You don't have to use a double pointer. See the code below:

node* front(int n, node* head)
{
    node *tmp = new node;
    tmp -> data = n;
    tmp -> next = head;
    head = tmp;
    return head;
}

Answer 3

With a double pointer, you’re passing a pointer to a pointer. When you have a single pointer, dereferencing it gives you the value of the variable. With a double pointer, dereferencing gives you the address of the variable in memory. When you’re adding the node to the front of the list, you’re taking the node you’ve already created for the head node and passing in the address of the pointer to it. And the reason you have to do this for adding to the head of the linked list specifically is that you already have a reference somewhere in memory to the head of the list since a linked list struct is defined as having a head node originally pointing at null and subsequent additions to the front of the list are going to change where to look for the start of that linked list.

Answer 4

There is a double pointer in both. Look at these two analogous lines from the two functions:

*head=temp;  // from insertAtTop

head->next=temp; // from insertAtLast

Note that head->next = temp can be equivalently written as (*head).next = temp.

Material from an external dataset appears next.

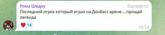 Рома Шедоу: «Останній гравець який грав на Донбас Арені....прощай легенда».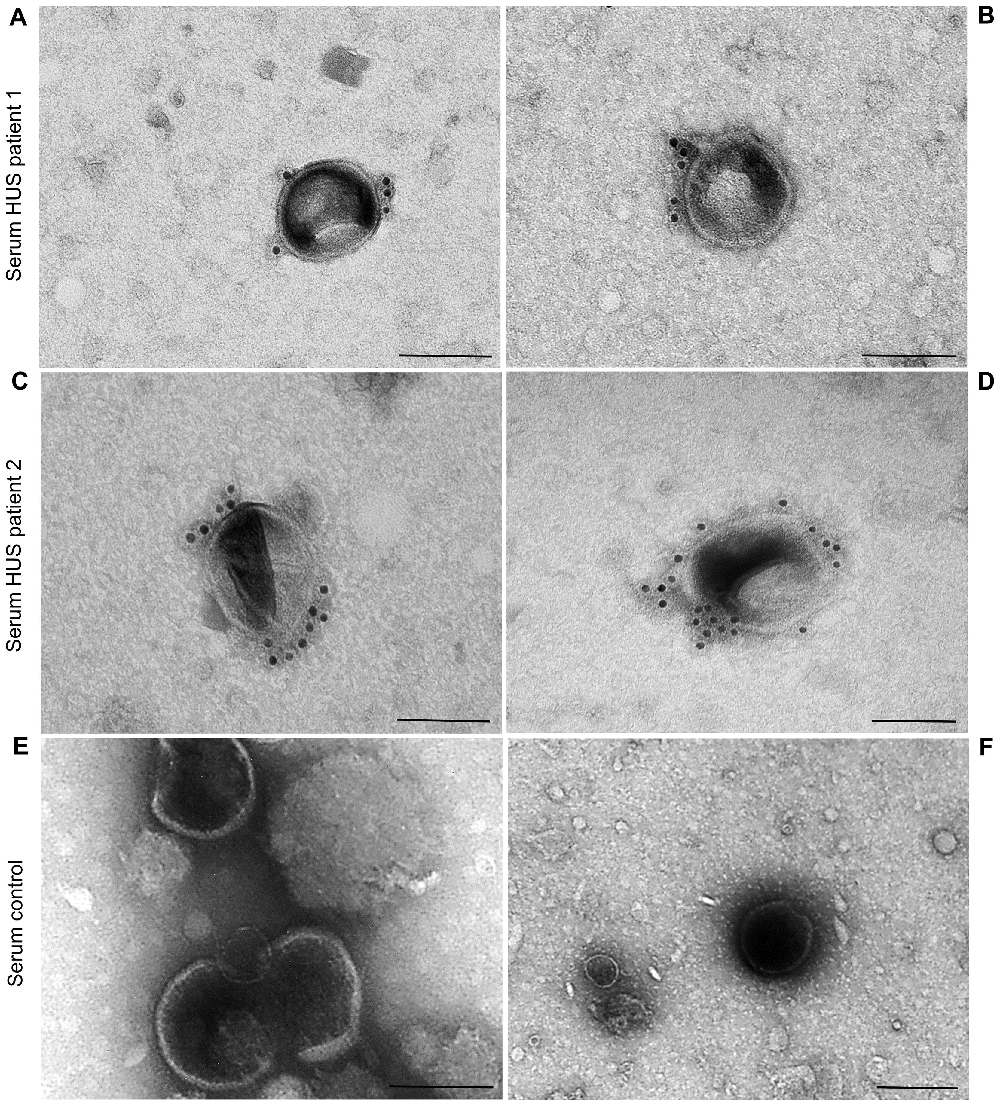 Two patients aged 16 months and 4.5 years were hospitalized at the Department of Pediatrics, University Hospital Motol, Prague, for HUS. EHEC O157:H7 strains harboring the stx2 gene were detected in the patients’ stool samples using methods described previously (Marejková et al., 2013). Serum samples from the patients were examined for EHEC O157 OMVs by immunoelectron microscopy using rabbit polyclonal anti-E. coli O157 LPS antibody and goat anti-rabbit IgG conjugated with 10 nm colloidal gold, as described for mouse sera (section 2.7). Staining with the secondary antibody alone served as a control for the specificity of OMV immunogold staining (Supplementary Figure S2). Serum from a child (3.5 years) without EHEC O157 infection was used as a negative control.

There is a "double pointer" there: head is a pointer to a structure, and that structure contains a pointer next. Basically these two pictures:

Diagram for *head = temp:

head --> [ *--]---> old_head
            ^
            `-- temp is stored here, replacing the old_head

Diagram for head->next = temp, or (*head).next = temp. For the sake of example, the node structure is represented as three memory cells, the third of which is the next field. The exact memory details depend on your compiler and how you defined the structure!

head  --> [    ]
          [    ] 
          [ *--]--> old_next
             ^
             `-- temp is stored here, replacing old_next

Basically, the only difference is that you we have a structure instead of a just a single pointer object.

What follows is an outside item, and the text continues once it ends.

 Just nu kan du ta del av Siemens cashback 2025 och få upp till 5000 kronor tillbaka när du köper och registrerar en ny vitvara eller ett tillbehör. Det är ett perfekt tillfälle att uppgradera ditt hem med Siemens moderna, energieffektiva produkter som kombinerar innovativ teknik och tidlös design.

In both cases, a pointer is being updated to refer to the newly inserted node. In the insertAtTop case, we have to replace that very pointer which represents the list itself. We are representing a list object as a pointer to the first node. If the list is changed so that it has a different first node, that pointer has to change. When inserting elsewhere in the list, we must update the previous node's next pointer to point to the new node, so we assign to (*head).next.

We could rewrite insertAtLast to use insertAtTop as a subroutine:

node* insertAtLast(node* head, int value){
    /* find the insertion point */
    node* original_head = head;
    while(head->next!=NULL){
        head=head->next;
    }
    /* now treat that as the head */
    (void) insertAtTop(&head->next, value);
    return original_head;
}

If you trace what happens in the call to insertAtHead, you will find that it does exactly the same thing as the code which we replaced. We took out this code:

    node* new_node=new node();
    new_node->data=value;
    new_node->next=NULL;
    h->next=new_node;

But that's almost the same as the body of insertAtHead which is this:

   node* temp=new node();
   temp->data=value;
   temp->next=*head;
   *head=temp;

We pass the value of the expression &h->next as the head parameter. So temp->next = *head is really temp->next = *&h->next where the *& cancel out, leaving temp->next = h->next. But we know that h->next is NULL: our while loop has ensured that. So this is temp->next = NULL, effectively. And of course *head = temp is the same as *(&h->next) = temp, which is h->next = temp.